Grant helps establish resource centers for grandparents
May 18, 2006
KALAMAZOO--Two Western Michigan University experts on kinship care will be setting up resource centers for custodial grandparents around the nation.
Drs. Linda Dannison and Andrea Smith recently received a $338,000 grant from the W.K. Kellogg Foundation. The money will be used to establish 10 Grandparent Resource Centers nationwide, with the goal of improving school readiness among children who are being raised by their grandparents.
According to statistics from the U.S. Census Bureau, in 2000 some 2.4 million grandparents had primary responsibility for grandchildren living in their homes. Dannison said the number of custodial grandparents more than doubled in the 1990s, for reasons including incarceration, employment issues, physical or mental health issues, abuse and neglect, and more recently military deployment. The most common reason for grandparents to assume care of their grandchildren relates to substance abuse by the biological parents, according to Dannison.

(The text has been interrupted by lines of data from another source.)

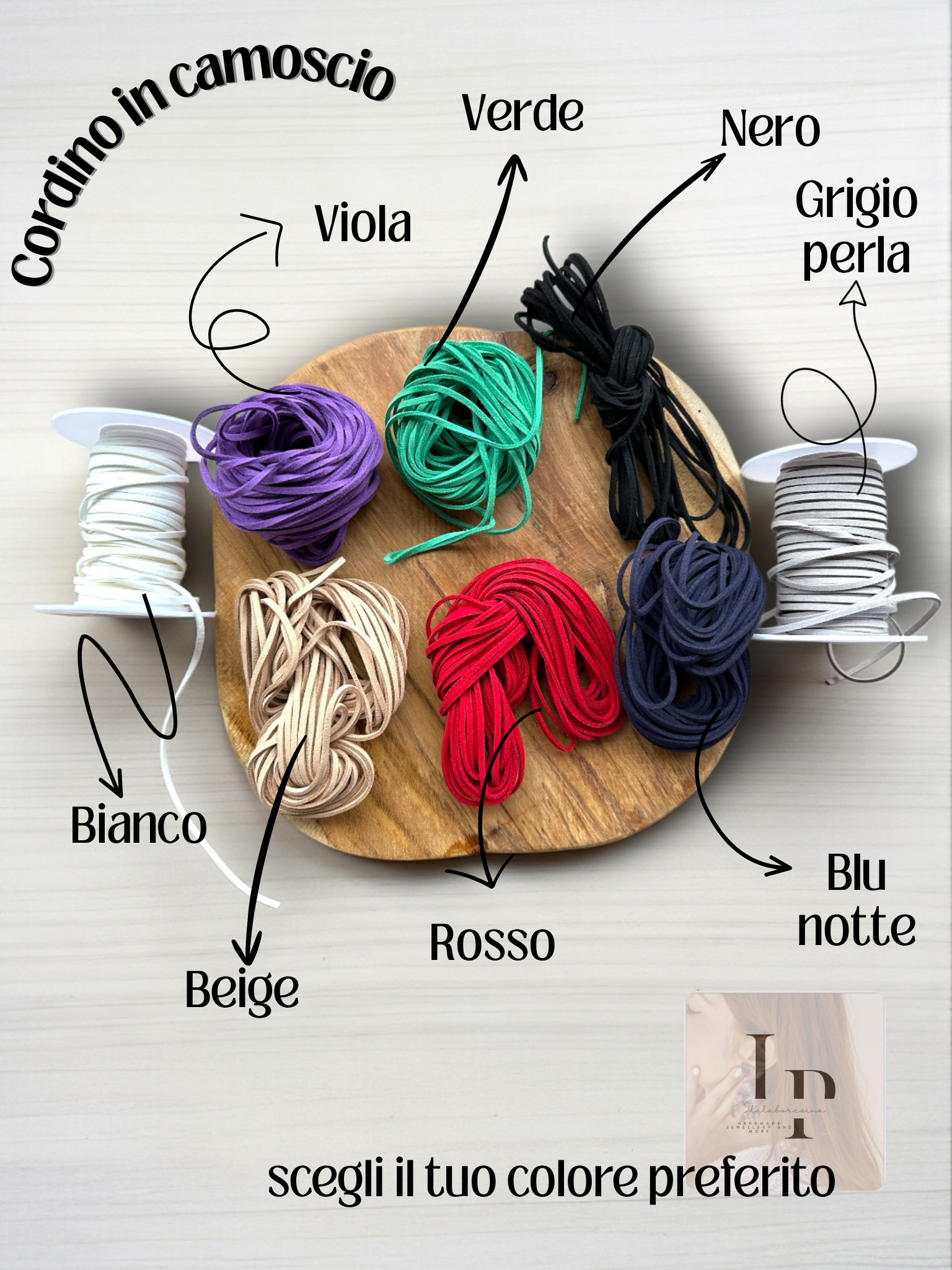 Il cordino in camoscio elasticizzato misura 120 cm con l'estremità chiusa con delle perle colorate in base alla scelta del colore del choker. Non rilasciano colore sulla pelle, morbido al tatto e indossato.
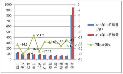 一、2015年10月份LNG客车主流销售区域流向情况分析-销量同比均下降,集中度也下降
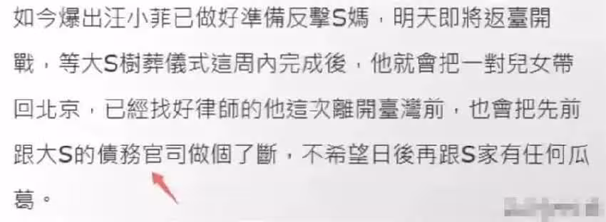 這無疑給S家一個下馬威,也休想再抓住汪小菲把柄,不是說誰嚷嚷的聲音大誰有理,一切由法律判定。
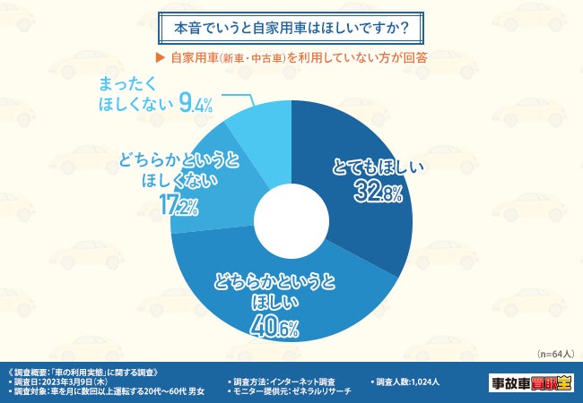 続いて、「本音でいうと自家用車はほしいですか?」と質問したところ、『とてもほしい(32.8%)』『どちらかというとほしい(40.6%)』『どちらかというとほしくない(17.2%)』『まったくほしくない(9.4%)』 という回答結果になりました。
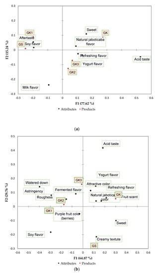Multiple correspondence analyses showed that the first and second dimensions explain 92.86% of the variance of the experiment at T0 (Figure 1a). The statistical test uses only the most frequently cited attributes since those with a low frequency can lead to false results []. The formulations were positioned in three different groups and obtained good attribute separation among the three quadrants. GS and GK1 were characterized by an aftertaste and a soy flavor, GK3 by a refreshing flavor and yogurt flavor, and GK2 did not obtain any relationship with the descriptor terms. The GK formulation, which exhibited the highest absolute mean for the flavor attribute, was characterized by a sweet and natural jaboticaba flavor, evidencing the impact of these characteristics on the product consumer. At T90 (Figure 1b), the first and second dimensions explained 94.62% of the variation between samples. The ice creams were positioned in four different quadrants and characterized by different attributes. The attribute that best described the GS formulation was a creamy texture; GK1 and GK2 were characterized by a purple fruit color (berries) and GK3 by a fermented flavor. Once again, the formulation with 100% kefir (GK) presented a distinct sensory profile, being associated with pleasant attributes such as a fruit aroma, refreshing flavor, natural jaboticaba flavor, attractive color and yogurt flavor.

"Grandparent caregivers are not new, what's new are the reasons and the numbers," said Dannison, who is chairperson of WMU's Department of Family and Consumer Sciences. "In the past, grandchildren went to live with their grandparents primarily because of economic reasons, or perhaps because a child was orphaned. Now, the more likely reasons might be, 'My son is in jail,' or 'My daughter is mentally ill.' There's a conspiracy of guilt and shame for custodial grandparents that we didn't really have in the past."

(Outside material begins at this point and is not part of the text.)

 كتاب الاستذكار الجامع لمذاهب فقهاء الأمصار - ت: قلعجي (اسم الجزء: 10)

In establishing the resource centers, Dannison and Smith will partner with established parenting centers to build programs that support custodial grandparent families. They will partner initially with the Kellogg Foundation's "SPARK" centers in the District of Columbia and seven states: Florida, Georgia, Hawaii, Mississippi, New Mexico, North Carolina and Ohio. SPARK stands for Supporting Partnerships to Assure Ready Kids. The centers are part of the foundation's school readiness program for at-risk children ages 3 to 6. The WMU pair said they hope to identify the centers and begin training this summer.

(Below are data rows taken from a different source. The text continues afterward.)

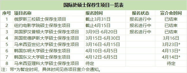 为拓宽学生国际视野,为学生创造海外学习交流机会,国际合作与交流处开发了10所国外大学硕士保荐生项目,现将有关信息通知如下:
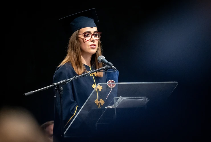Zsófia Réti, a graduating law student, delivered a farewell address on behalf of her fellow students. “We are often referred to as the ‘Covid cohort,’ as the first year and a half of our studies were confined to the virtual space due to the global pandemic. But it was precisely this period that taught us adaptability, perseverance, and how we could become a true community despite the hardships,” she said. She also highlighted that thanks to the faculty’s talent development initiatives and community programmes, they gained not only professional but also deeply personal and lasting experiences.
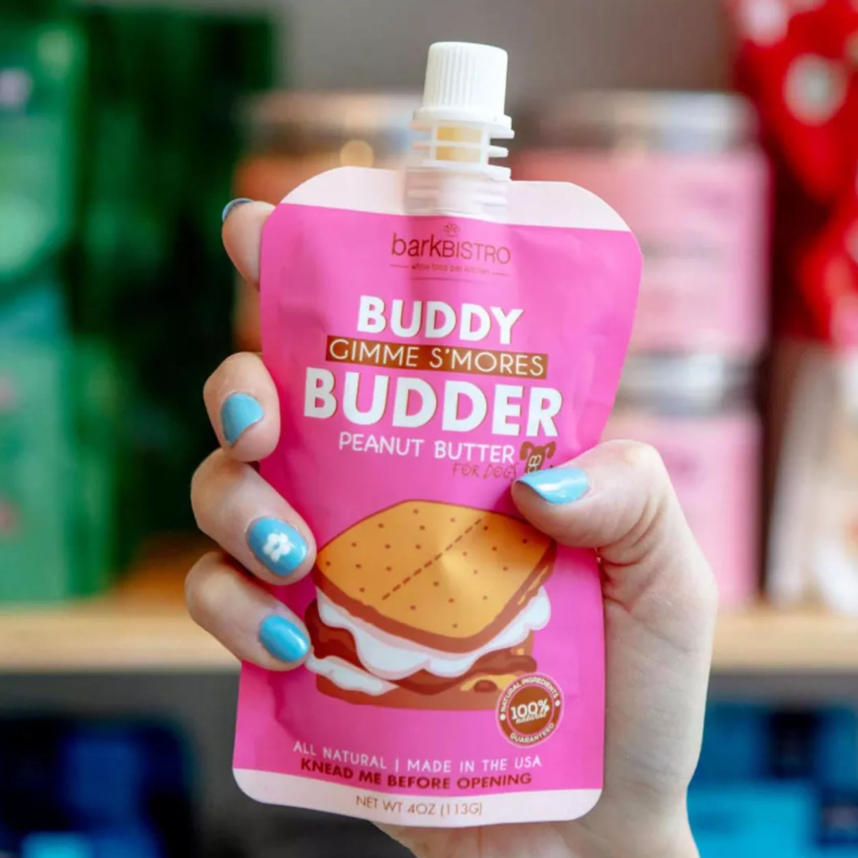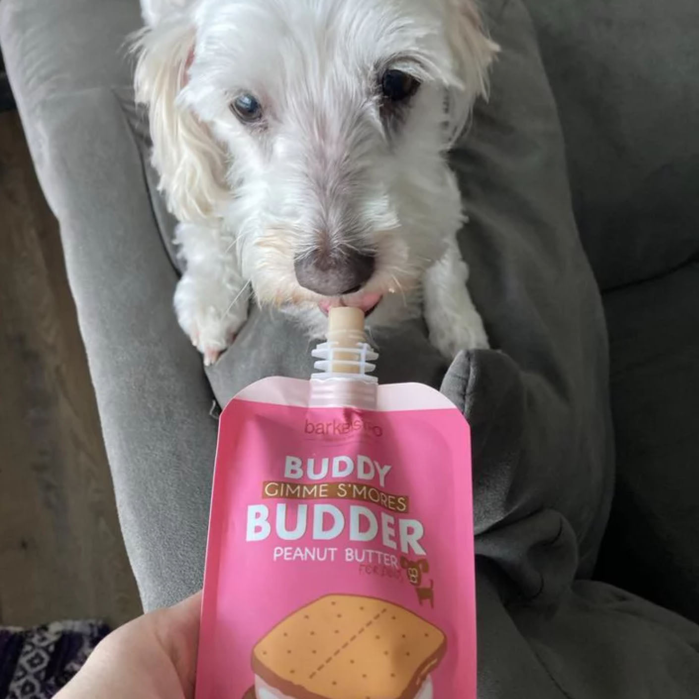 Perfect for training, traveling, or on-the-go enrichment, our dog-friendly peanut butter is made with no hydrogenated oils, palm oil, xylitol, added sugars, salt, or artificial ingredients. Just clean, tasty fun your dog will love to lick straight from the pack or added to toys. Flavor of s'mores
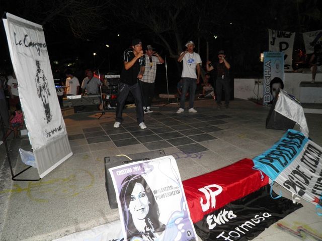 Alrededor de las 18 hs las banderas de las diferentes agrupaciones compañeras que fueron invitadas a participar del evento decoraban el escenario: JP Decamisados; JP Evita, Peronismo 26 de Julio; Oktubres; HIJOS y La Cátedra Abierta de Derechos Humanos.
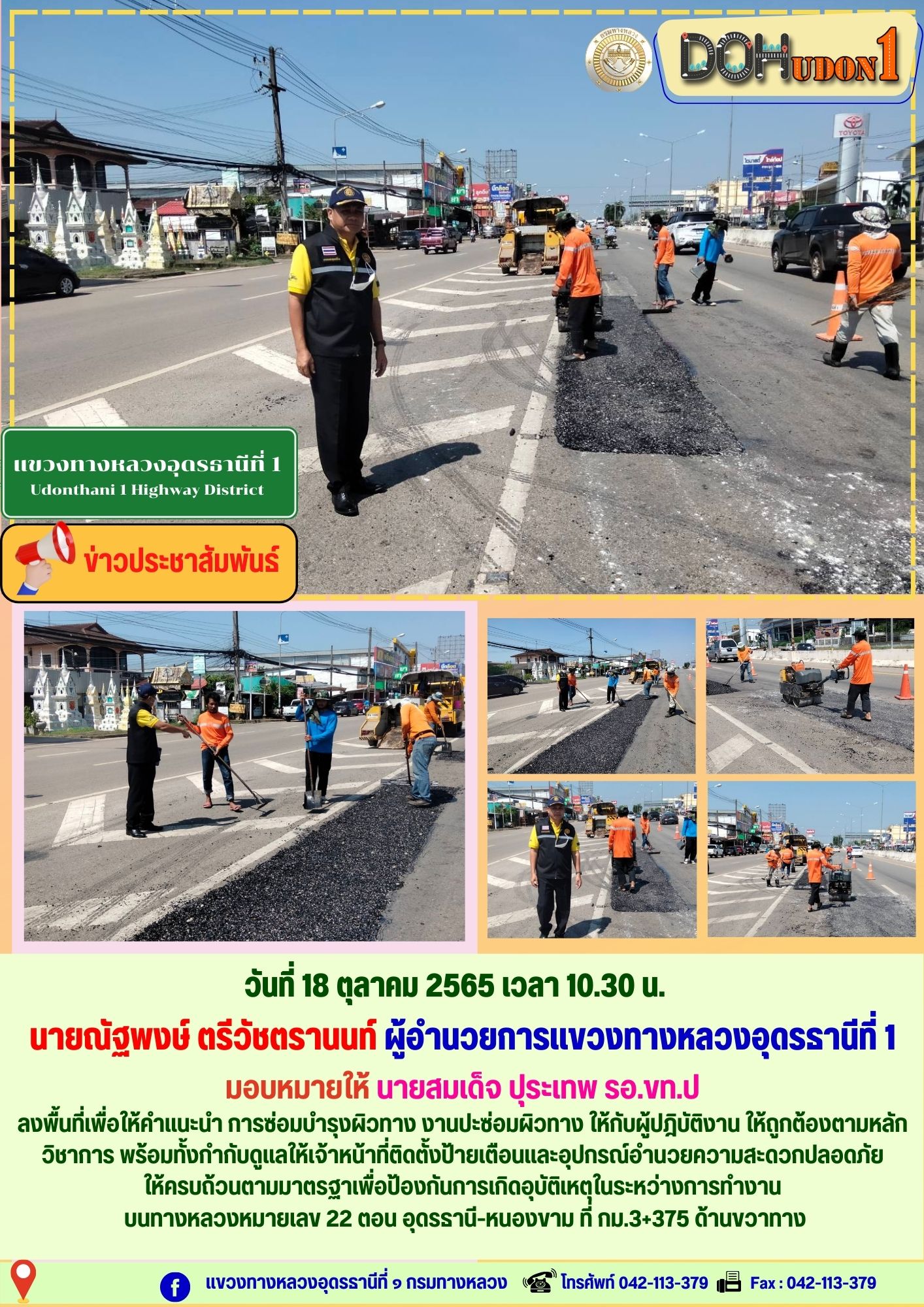 นายณัฐพงษ์ ตรีวัชตรานนท์ ผู้อำนวยการแขวงทางหลวงอุดรธานีที่ 1 มอบหมายให้หมวดทางหลวงในสังกัด ซ่อมหลุมบ่อในสายทางตามข้อสั่งการอธิบดีกรมทางหลวง
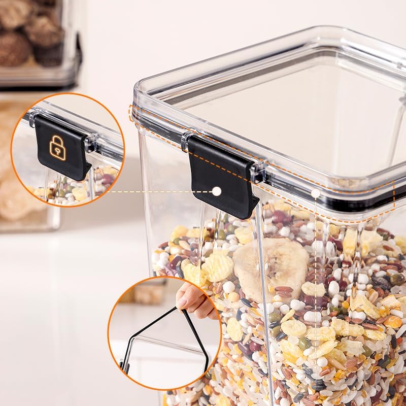 - Made of food grade material, they are BPA free. These pantry storage containers are not only long-lasting, but they will also be effortless to clean.With the great sealing performance,airtight food storage containers can keep your food fresh.
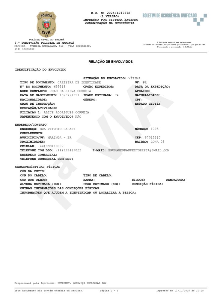 JOÃO DA SILVA CORREIA CPF: 278.056.549-72
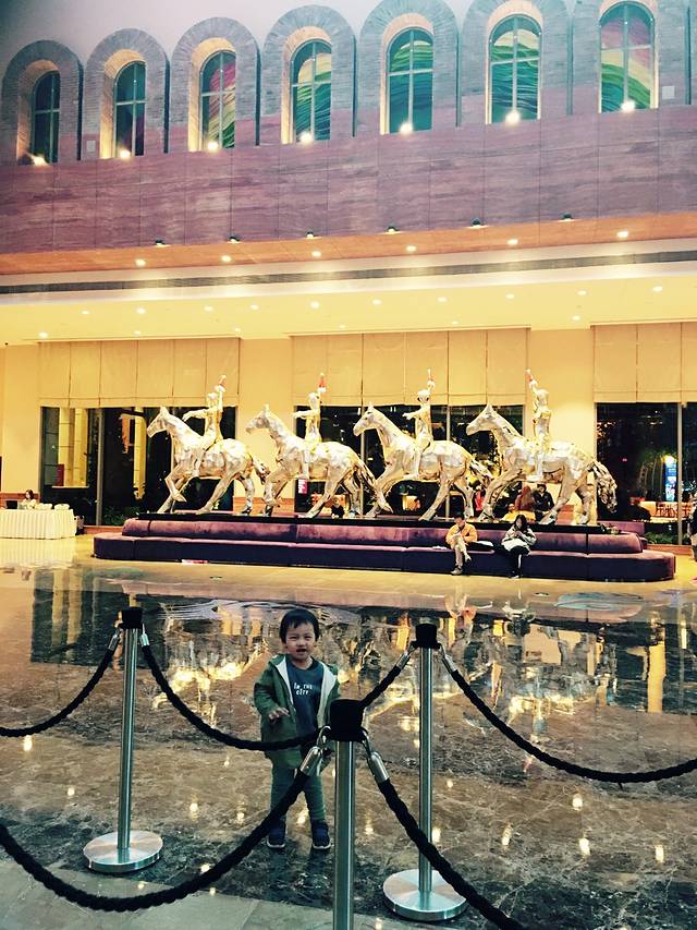 孩子们窜上窜下,成为了马戏酒店大厅的小主角

"Given that substance abuse is the main reason they come into kinship care, these children have often moved around a lot, maybe because mom or dad can't keep a job," said Smith, who is a professor of teaching, learning and leadership. "School readiness may be affected because the children's earliest environments are often inconsistent. The parents, for one reason or another, may not have been able to parent very effectively. Also, many children in kinship care were exposed prenatally to drugs or alcohol, which can also create learning difficulties."
The grant covers a two-and-a-half year period, but Smith and Dannison have developed plans for up to five years of services to the Grandparent Resource Centers. The WMU team's main role will be to train existing staff and evaluate program effectiveness. In the first year, they will offer training on establishing grandparent and grandchildren's support groups, along with in-service education for community professionals including teachers, social workers, public health staff and medical professionals. Plans for the second year include continuation of the support groups, in- home services and training for child care providers. In later years, the centers will focus on finding and implementing school readiness mentors; community education on the role of all grandparents, custodial or otherwise; and the establishment of comprehensive grandparent centers.
"I'll be surprised if any one center looks like another," said Smith. "Each center will work with a local advisory board whose members have a good handle on the community needs. Based on those needs, they'll choose the combination of services for their own community. We might have centers in Washington, D.C., Florida, New Mexico, and Hawaii--we can't assume that their needs will be one-size-fits-all."
Dannison and Smith bring to the project a wealth of knowledge and research on custodial grandparents and other kinship families. Their work has been published in a variety of books, as well as national and international journals. They have written numerous resource materials, including curriculum guides and videos that are used worldwide. The two have lectured as Fulbright scholars in England and have conducted trainings around the United States and in Canada, Ireland and Latvia on custodial grandparent issues.
The W.K. Kellogg Foundation was established in 1930 "to help people help themselves through the practical application of knowledge and resources to improve their quality of life and that of future generations." Its programming activities center around the common vision of a world in which each person has a sense of worth; accepts responsibility for self, family, community and societal well-being; and has the capacity to be productive and to help create nurturing families, responsive institutions and healthy communities.
To achieve the greatest impact, the foundation targets its grants toward specific areas. These include: health; food systems and rural development; youth and education; and philanthropy and volunteerism. Within these areas, attention is given to exploring learning opportunities in leadership; information and communication technology; capitalizing on diversity; and social and economic community development. Grants are concentrated in the United States; Latin America and the Caribbean; and the southern African countries of Botswana, Lesotho, Malawi, Mozambique, South Africa, Swaziland and Zimbabwe.